|
|
- ---
- layout: post
- title: Outbreak Detection in Networks
- ---
-
- ## Introduction
- The general goal of outbreak detection in networks is that given a dynamic process spreading over a network, we want to select a set of nodes to detect the process efficiently. Outbreak detection in networks has many applications in real life. For example, where should we place sensors to quickly detect contaminations in a water distribution network? Which person should we follow on Twitter to avoid missing important stories?
-
- The following figure shows the different effects of placing sensors at two different locations in a network:
-
- ![sensor_placement](../assets/img/outbreak_detection_sensor_placement.png?style=centerme)

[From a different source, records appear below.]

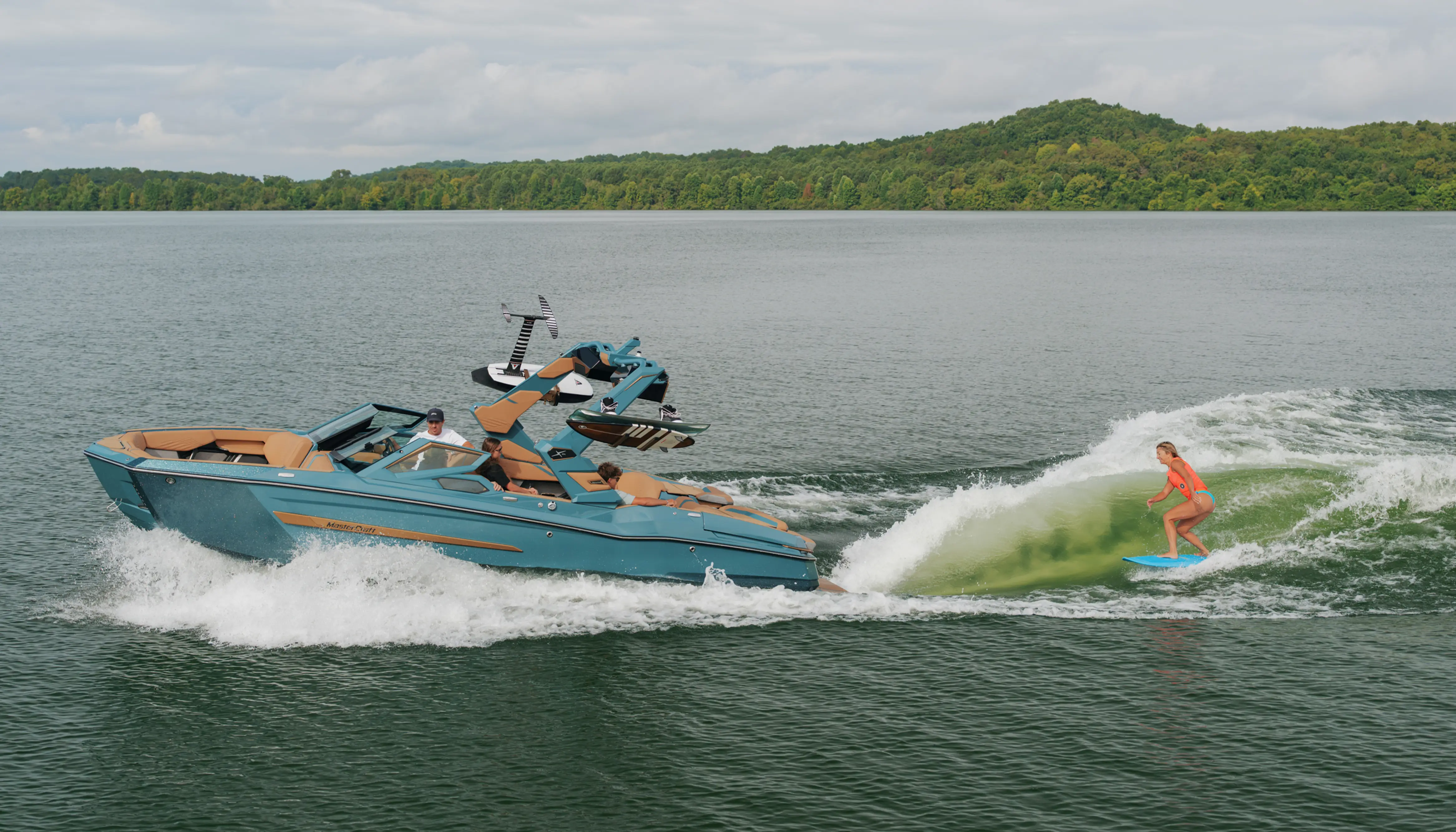 MasterCraft’s patented Switchback Ballast Tank automatically shifts ballast to optimize symmetry for the perfect wave every time.
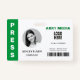 Press employee ID, logo and barcode green photo template badge. Personalize this journalist photo ID card badge with your name, ID, title, company logo and barcode. Add additional information on the back.
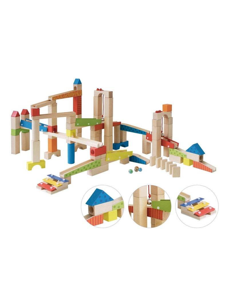 Pista per biglie per bambini – 80 blocchi di costruzione in legno + 20 biglie – "Roba" - Blu Multicolore
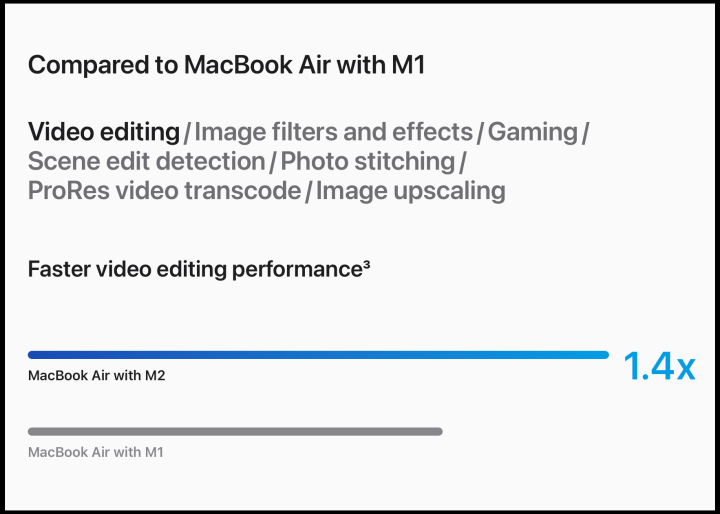 [사진 = 맥북에어 M2 가장 눈에 띄는 점은 M2 칩 탑재되었다는 점입니다. M1 칩 탑재 제품에 비해서 최대 1.4배 더 빠른 속도를 구현합니다. 그와 더불어 Intel 기반 모델 대비 최대 15배 더 빠른 속도를 구현합니다. 이전에 M1 칩 등장했을 때에 비해서 성능이 많이 좋아졌는데 이번에 M1에서 업그레이드 된 칩이 나온 셈입니다. 동영상 편집 및 이미지 필터 및 효과 등에서도 M2가 M1을 능가합니다. (C) 애플 공식 홈페이지(apple.com)]

- *(A) The given network. (B) An outbreak $$i$$ starts and spreads as shown. (C) Placing a sensor at the blue position saves more people and also detects earlier than placing a sensor at the green position, though costs more.*
-
- ## Problem Setup
- The outbreak detection problem is defined as below:
- - Given: a graph $$G(V,E)$$ and data on how outbreaks spread over this $$G$$ (for each outbreak $$i$$, we knew the time $$T(u,i)$$ when the outbreak $$i$$ contaminates node $$u$$).
- - Goal: select a subset of nodes $$S$$ that maximize the expected reward:
-
- $$
- \max_{S\subseteq U}f(S)=\sum_{i}p(i)\cdot f_{i}(S)
- $$
-
- $$
- \text{subject to cost }c(S)\leq B
- $$
-
- where
-
- - $$p(i)$$: probability of outbreak $$i$$ occurring
- - $$f_{i}(S)$$: rewarding for detecting outbreak $$i$$ using "sensors" $$S$${% include sidenote.html id='note-outbreak-detection-problem-setup' note='It is obvious that $$p(i)\cdot f_{i}(S)$$ is the expected reward for detecting the outbreak $$i$$' %}
- - $$B$$: total budget of placing "sensors"
-
-
- **The Reward** can be one of the following three:
-
- - Minimize the time to detection
- - Maximize the number of detected propagations
- - Minimize the number of infected people
-
- **The Cost** is context-dependent. Examples are:
-
- - Reading big blogs is more time consuming
- - Placing a sensor in a remote location is more expensive
-
- ## Outbreak Detection Formalization
-
- ### Objective Function for Sensor Placements
-
- Define the **penalty $$\pi_{i}(t)$$** for detecting outbreak $$i$$ at time $$t$$, which can be one of the following:{% include sidenote.html id='note-outbreak-detection-penalty-note' note='Notice: in all the three cases detecting sooner does not hurt! Formally, this means, for all three cases, $$\pi_{i}(t)$$ is monotonically nondecreasing in $$t$$.'%}
-
- - **Time to Detection (DT)**
- - How long does it take to detect an outbreak?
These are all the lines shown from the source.